Data in this exercise
......

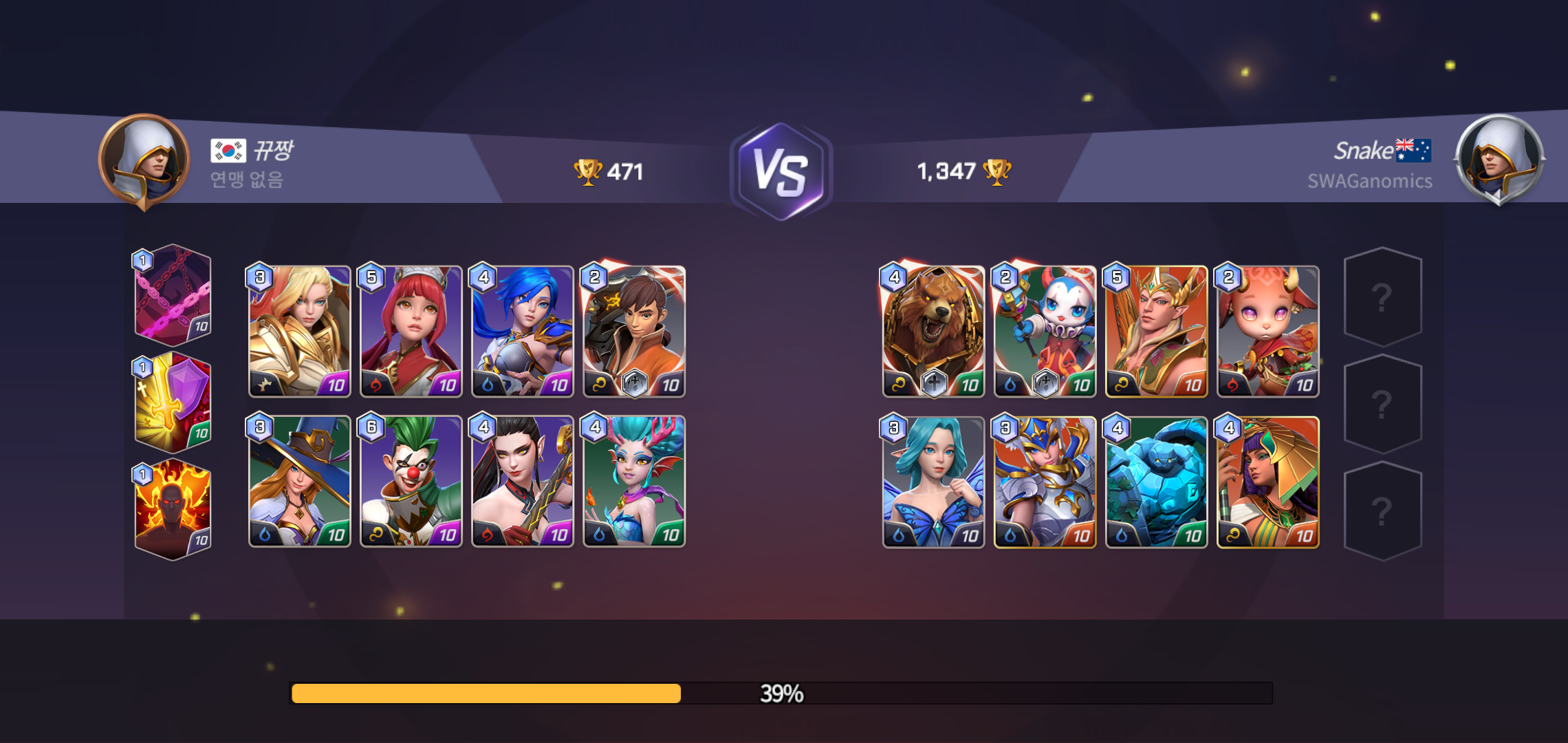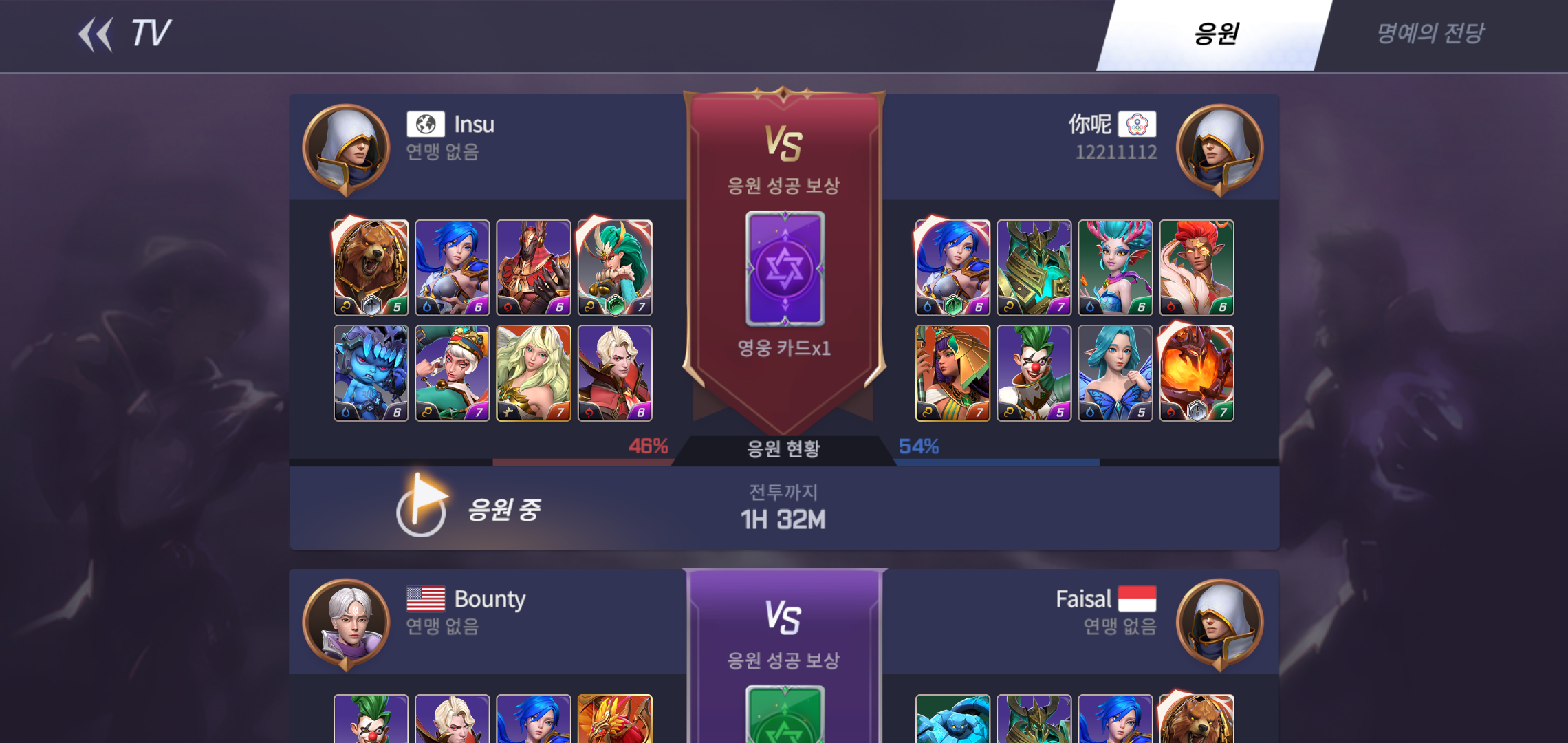 서머너즈 워: 백년전쟁의 재미는 국내에 한정되지 않고 글로벌로 즐기는 실시간PVP대전이라는 점입니다. 새벽에 접속해 대전을 신청해도 순식간에 매칭이 될 정도로 플레이를 즐기는 유저들이 많아 기다림에 지칠 이유가 전혀 없을 정도 입니다. 또한 매칭되는 상대의 편성은 확인 가능하지만 스킬은 히든으로 남겨두어 어떤 전략으로 상대를 하게 될지 고민하게 되는 재미도 있구요.
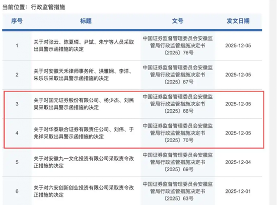 监管层明确,国元证券项目主办人杨少杰、刘民昊,华泰联合证券项目主办人刘伟、于兆祥对违规行为负主要责任。最终,两家券商及上述责任人均被采取出具警示函措施,并记入证券期货市场诚信档案。
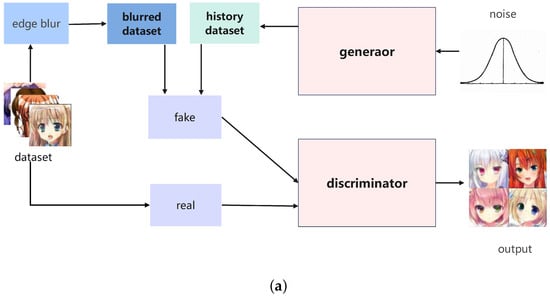 To create a database of edge-blurred images for training, we employed Canny edge detection to outline image edges and applied Gaussian blur to them. This database was then utilized to train the discriminator. The primary goal of this approach was to compel the model to avoid generating images with blurry edges, resulting in anime faces with significantly improved clarity. The algorithm of Edge Blur is shown in Algorithm 1 as pseudo code. An example of Edge Blur is shown in Figure 2a,b.
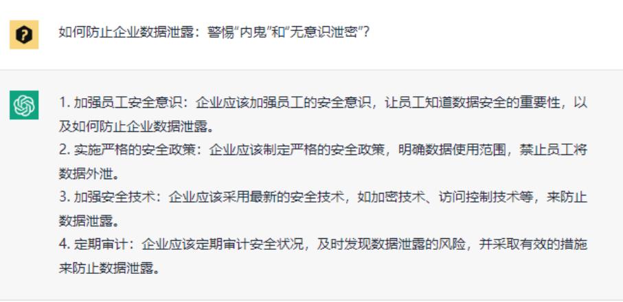 抱着试一试的心态,小编就企业防数据泄密问题向它发起提问,来看看它是怎么解答的:
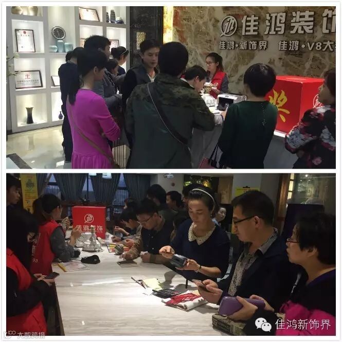火爆地点不仅仅是在客户洽谈区和主材展示区,我们的前台交定区也是在排队刷卡呢!真的很感谢业主朋友们对佳鸿的信任与认可,全体佳鸿人定当不辱使命!!

......

Task prompt
The pictures stay out; everything else in the records above must be repeated exactly.

Answer
 서머너즈 워: 백년전쟁의 재미는 국내에 한정되지 않고 글로벌로 즐기는 실시간PVP대전이라는 점입니다. 새벽에 접속해 대전을 신청해도 순식간에 매칭이 될 정도로 플레이를 즐기는 유저들이 많아 기다림에 지칠 이유가 전혀 없을 정도 입니다. 또한 매칭되는 상대의 편성은 확인 가능하지만 스킬은 히든으로 남겨두어 어떤 전략으로 상대를 하게 될지 고민하게 되는 재미도 있구요.
 监管层明确,国元证券项目主办人杨少杰、刘民昊,华泰联合证券项目主办人刘伟、于兆祥对违规行为负主要责任。最终,两家券商及上述责任人均被采取出具警示函措施,并记入证券期货市场诚信档案。
 To create a database of edge-blurred images for training, we employed Canny edge detection to outline image edges and applied Gaussian blur to them. This database was then utilized to train the discriminator. The primary goal of this approach was to compel the model to avoid generating images with blurry edges, resulting in anime faces with significantly improved clarity. The algorithm of Edge Blur is shown in Algorithm 1 as pseudo code. An example of Edge Blur is shown in Figure 2a,b.
 抱着试一试的心态,小编就企业防数据泄密问题向它发起提问,来看看它是怎么解答的:
火爆地点不仅仅是在客户洽谈区和主材展示区,我们的前台交定区也是在排队刷卡呢!真的很感谢业主朋友们对佳鸿的信任与认可,全体佳鸿人定当不辱使命!!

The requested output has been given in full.